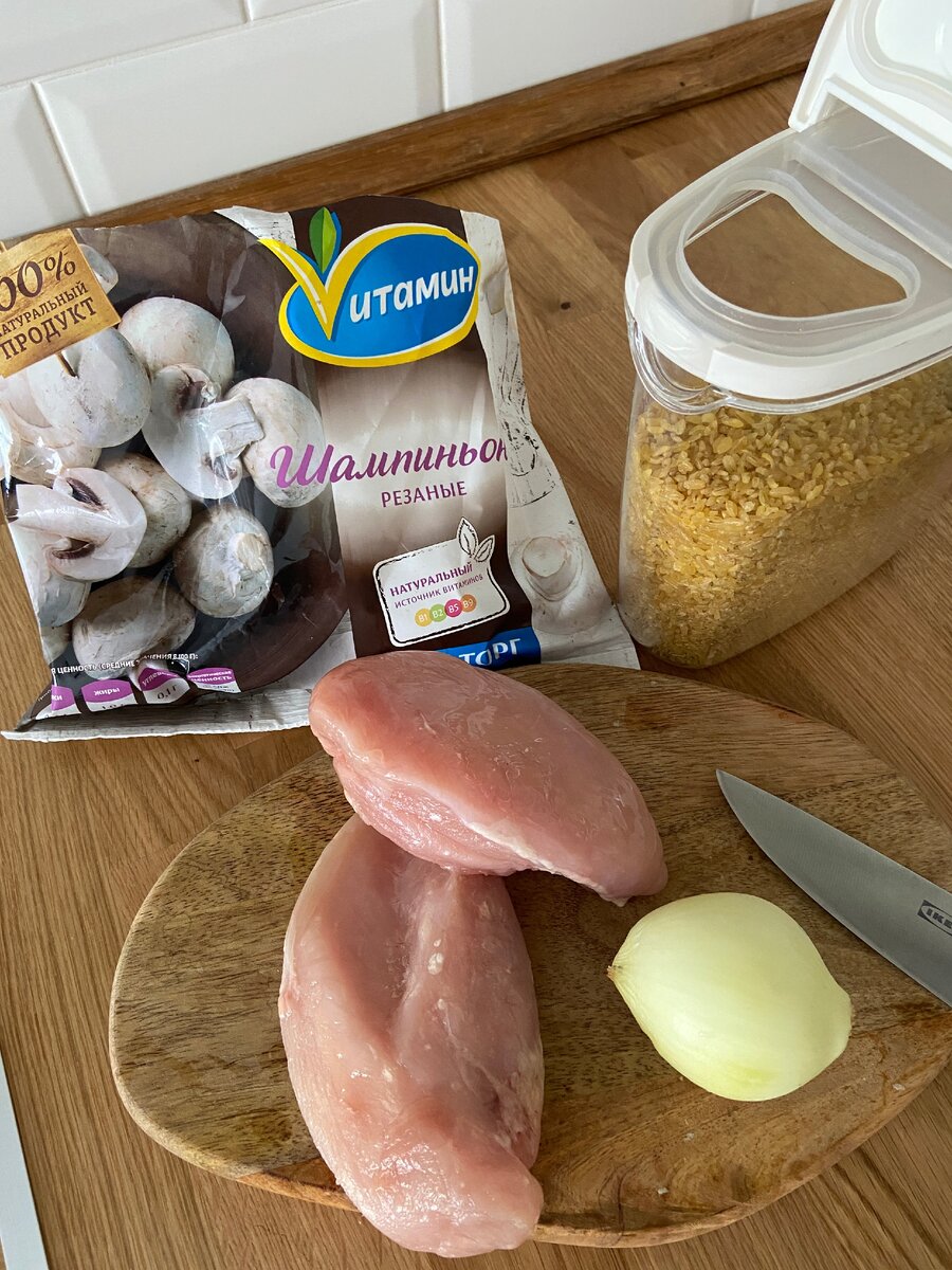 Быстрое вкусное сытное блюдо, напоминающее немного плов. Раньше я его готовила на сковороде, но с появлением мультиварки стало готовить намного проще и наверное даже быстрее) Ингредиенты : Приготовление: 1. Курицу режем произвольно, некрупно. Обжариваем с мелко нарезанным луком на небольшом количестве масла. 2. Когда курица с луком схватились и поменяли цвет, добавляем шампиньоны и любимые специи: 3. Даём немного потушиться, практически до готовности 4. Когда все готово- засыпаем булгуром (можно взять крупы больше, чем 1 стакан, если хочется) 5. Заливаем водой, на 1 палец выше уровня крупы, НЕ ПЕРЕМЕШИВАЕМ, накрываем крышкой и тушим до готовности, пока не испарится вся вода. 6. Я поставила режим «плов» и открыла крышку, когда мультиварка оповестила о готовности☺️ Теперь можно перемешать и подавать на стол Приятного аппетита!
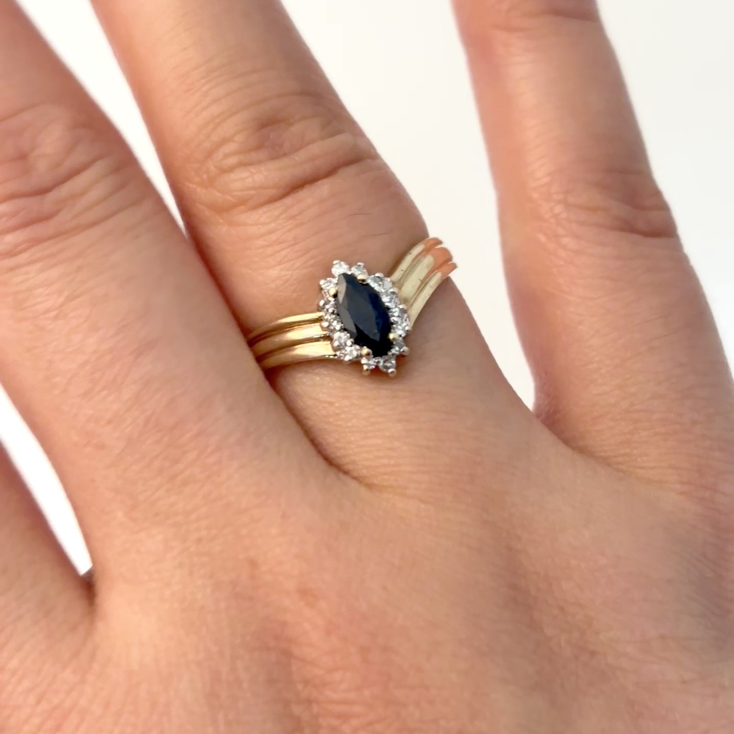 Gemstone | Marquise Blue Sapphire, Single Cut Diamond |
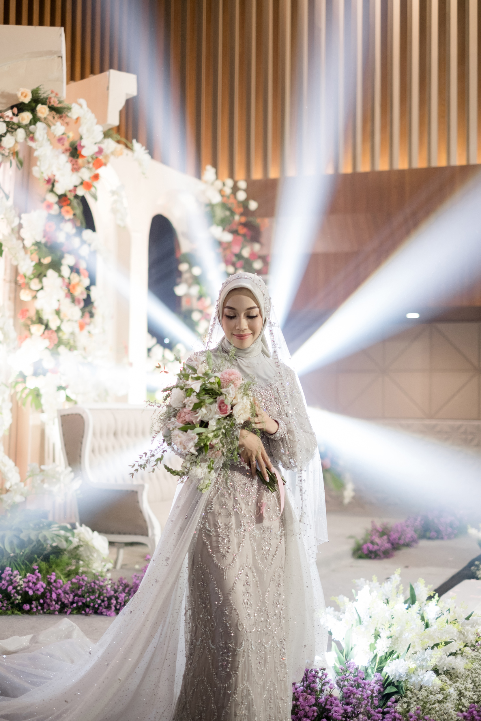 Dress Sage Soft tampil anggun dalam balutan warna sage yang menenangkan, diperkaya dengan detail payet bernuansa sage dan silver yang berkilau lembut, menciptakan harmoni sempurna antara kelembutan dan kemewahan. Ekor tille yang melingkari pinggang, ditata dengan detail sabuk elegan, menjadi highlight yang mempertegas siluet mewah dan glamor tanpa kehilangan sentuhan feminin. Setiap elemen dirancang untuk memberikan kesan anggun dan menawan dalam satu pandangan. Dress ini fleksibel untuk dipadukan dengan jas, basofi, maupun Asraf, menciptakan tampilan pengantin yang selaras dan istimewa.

################

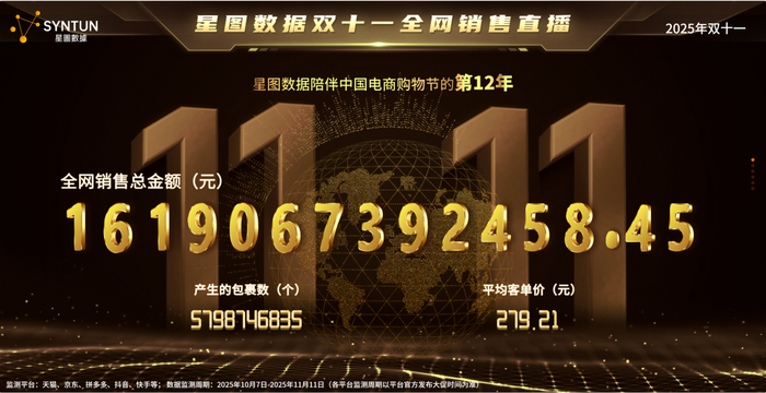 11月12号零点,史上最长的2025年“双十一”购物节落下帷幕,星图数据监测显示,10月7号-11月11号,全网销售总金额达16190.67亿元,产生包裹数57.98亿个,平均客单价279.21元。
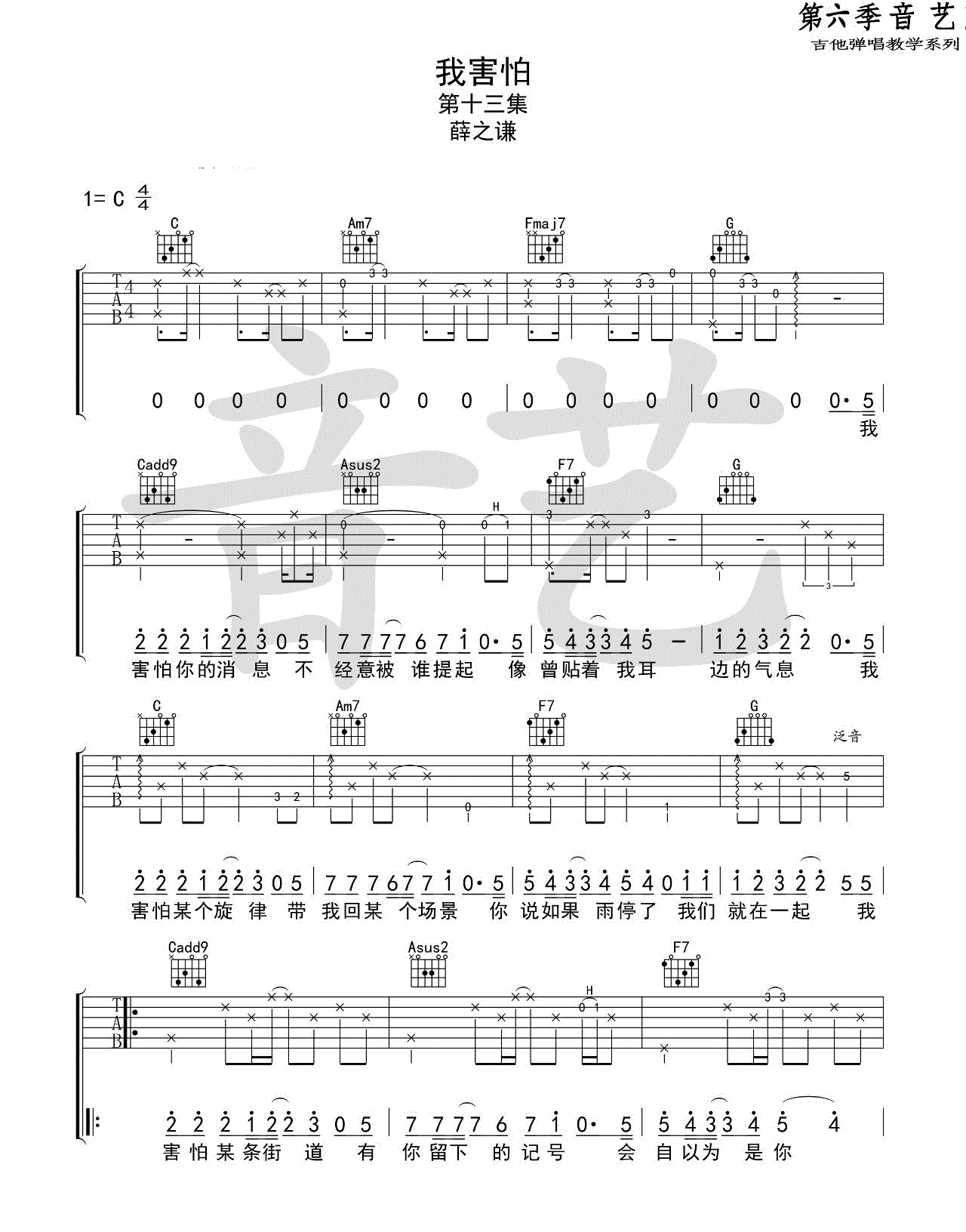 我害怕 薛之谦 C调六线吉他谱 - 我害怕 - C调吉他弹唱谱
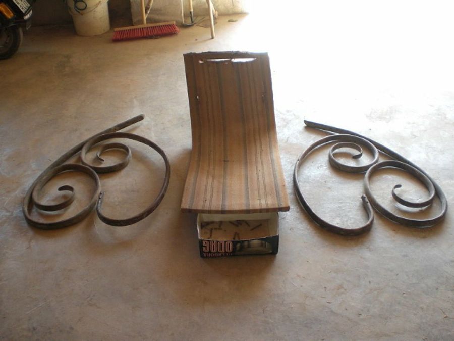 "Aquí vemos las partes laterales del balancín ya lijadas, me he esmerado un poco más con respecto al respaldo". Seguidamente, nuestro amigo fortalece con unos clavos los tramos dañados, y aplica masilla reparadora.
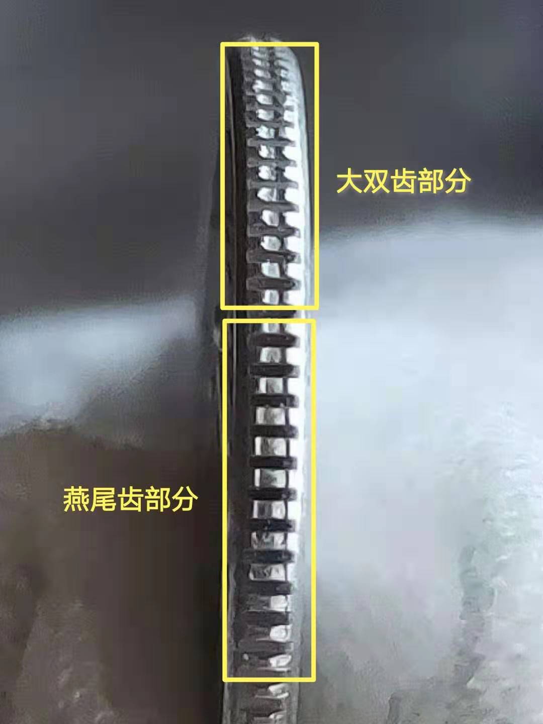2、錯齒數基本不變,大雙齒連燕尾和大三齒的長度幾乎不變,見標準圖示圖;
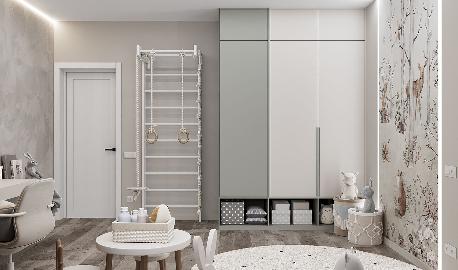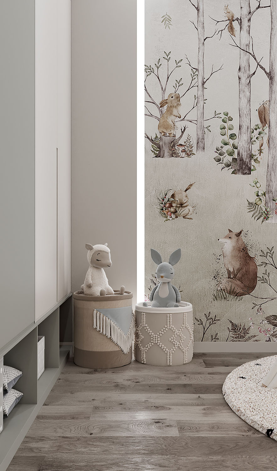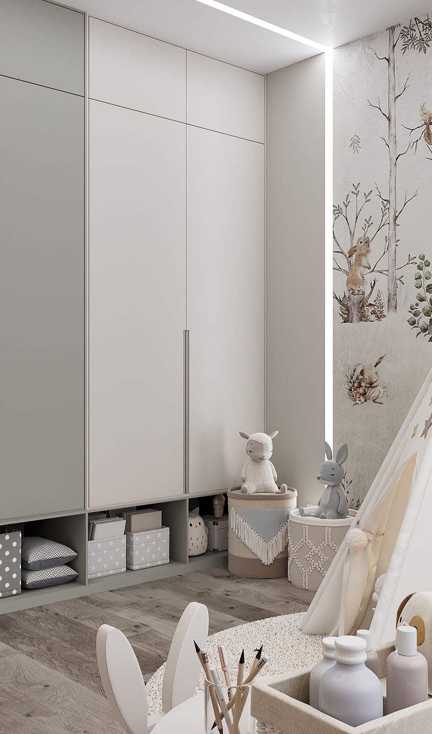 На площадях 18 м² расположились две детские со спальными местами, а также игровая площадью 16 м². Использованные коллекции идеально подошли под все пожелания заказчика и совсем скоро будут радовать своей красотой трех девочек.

################

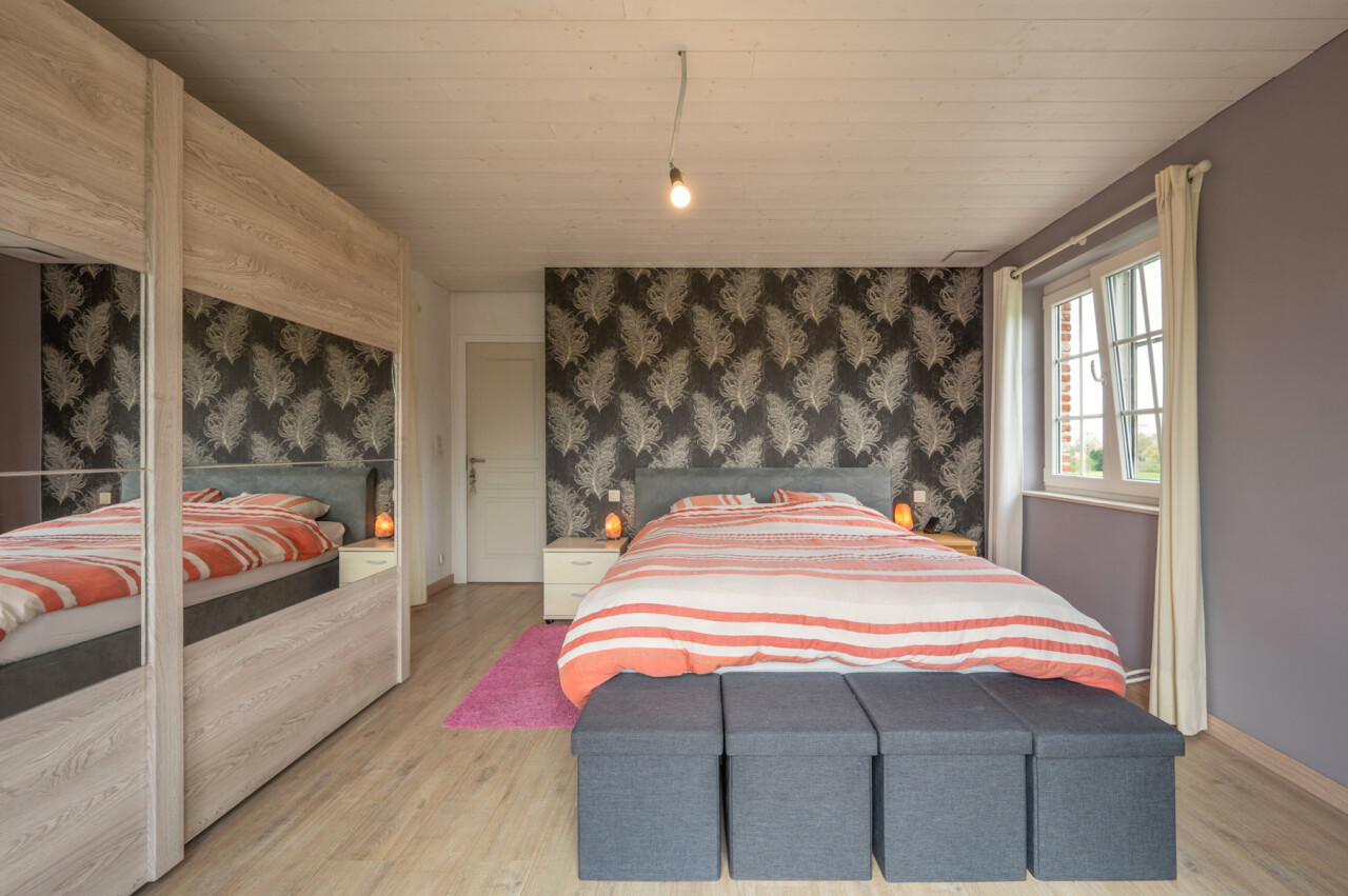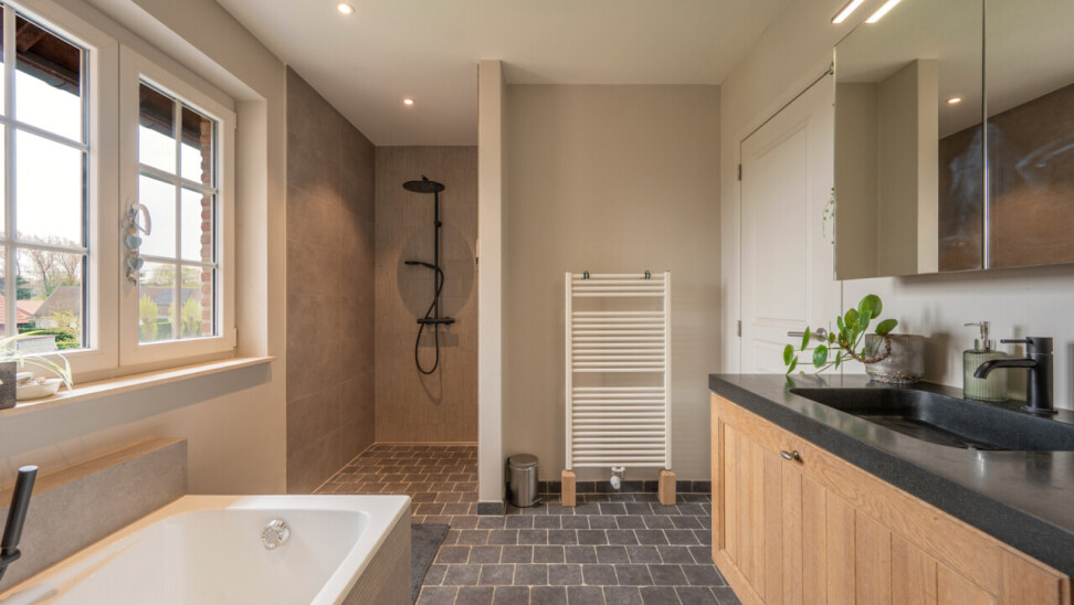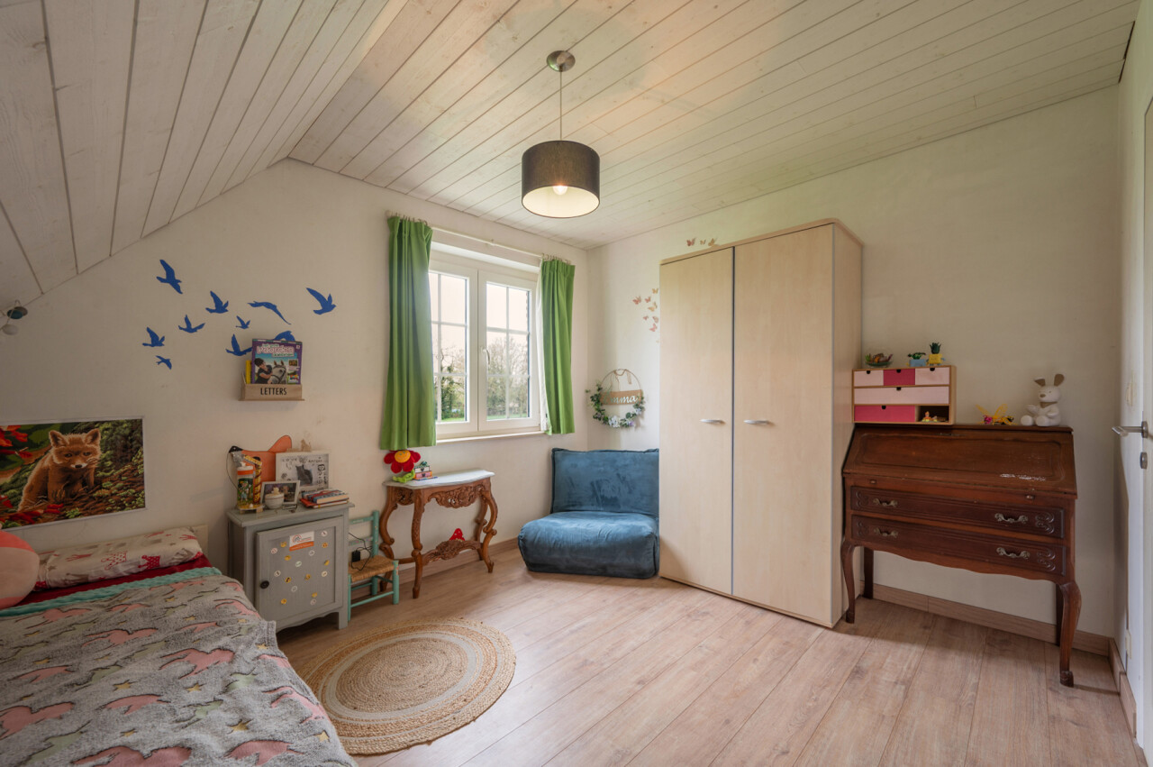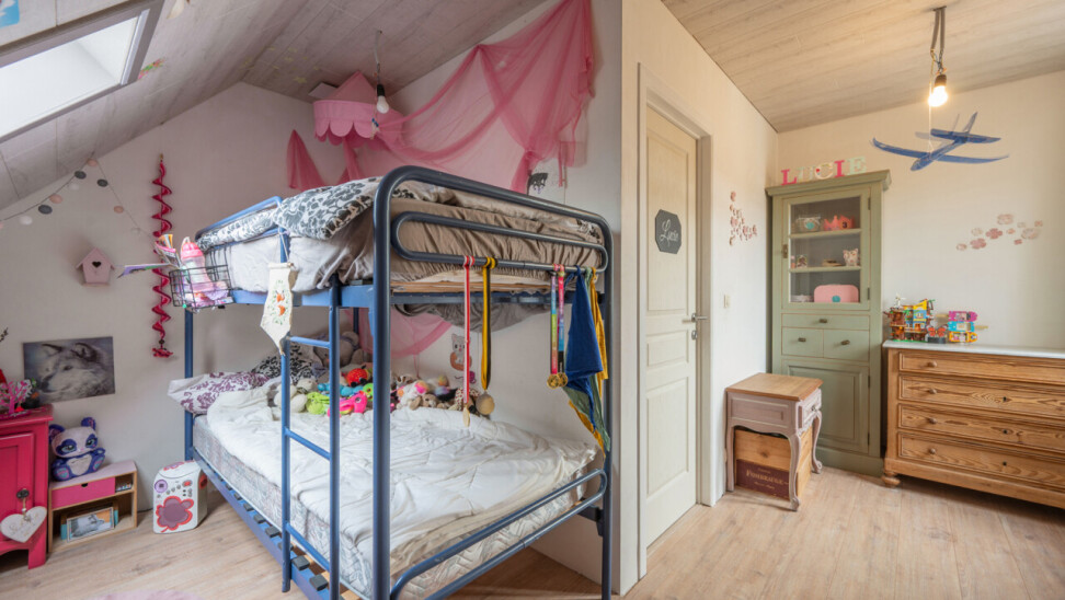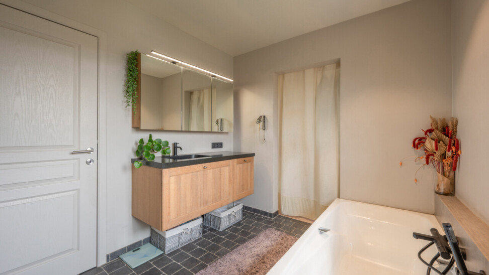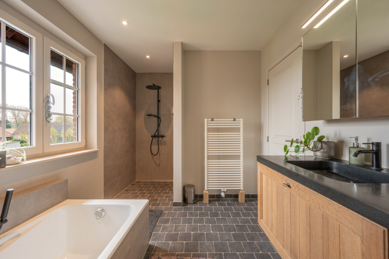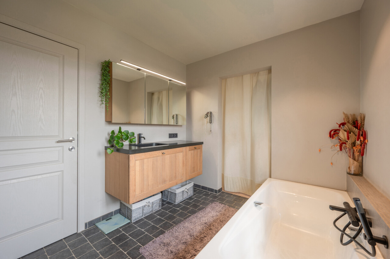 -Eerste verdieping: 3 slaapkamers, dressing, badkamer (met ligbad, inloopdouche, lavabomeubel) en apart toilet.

################

> [WHAT IS NEEDED] Transcribe, from the material above, the stretch starting at the line with "11月12号零点,史上最长的" and ending at the line with "На площадях 18", both included, exactly. Do not carry over pictures.

> [RESPONSE AREA]
 11月12号零点,史上最长的2025年“双十一”购物节落下帷幕,星图数据监测显示,10月7号-11月11号,全网销售总金额达16190.67亿元,产生包裹数57.98亿个,平均客单价279.21元。
 我害怕 薛之谦 C调六线吉他谱 - 我害怕 - C调吉他弹唱谱
 "Aquí vemos las partes laterales del balancín ya lijadas, me he esmerado un poco más con respecto al respaldo". Seguidamente, nuestro amigo fortalece con unos clavos los tramos dañados, y aplica masilla reparadora.
2、錯齒數基本不變,大雙齒連燕尾和大三齒的長度幾乎不變,見標準圖示圖;
 На площадях 18 м² расположились две детские со спальными местами, а также игровая площадью 16 м². Использованные коллекции идеально подошли под все пожелания заказчика и совсем скоро будут радовать своей красотой трех девочек.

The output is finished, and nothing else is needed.